Mais plus encore, la vraie question concerne l'après procès : car il y a fort à parier qu’une condamnation de Simone Gbagbo, en plus de celle de son époux, ne manquera pas d’alimenter les mauvais ressentiments que beaucoup d’Ivoiriens éprouvaient déjà à l’endroit des pro-Ouattara. Et à l'inverse, si par souci d’apaisement la Justice ivoirienne venait à prononcer des peines, qui par leur clémence, s’apparentent plutôt à une impunité qui ne dit pas son nom, comment réagiront les familles des victimes ? Et cela ne risque-t-il pas d’amener certaines d’entre elles à vouloir se faire justice ?

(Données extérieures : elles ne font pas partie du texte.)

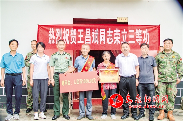 喜報(bào)進(jìn)家門,山村傳美名。7月18日,嵐皋縣人武部、縣退役軍人事務(wù)局及藺河鎮(zhèn)相關(guān)負(fù)責(zé)人前往蔣家關(guān)村,為現(xiàn)役軍人王昌斌家庭送去三等功喜報(bào)和慰問金,讓軍人家屬共享這份榮耀和喜悅,表達(dá)黨和政府對(duì)立功受獎(jiǎng)軍人的褒獎(jiǎng)和慰問。

Et le quotidien burkinabé de conclure, au-delà de l’impartialité dont les juges devront faire montre aux yeux de l’opinion ivoirienne mais aussi internationale, ce procès devra surtout être une leçon pour toute la société ivoirienne, afin que plus jamais dans ce pays, des hommes ou des femmes ne soient capables de telles horreurs à cause du pouvoir.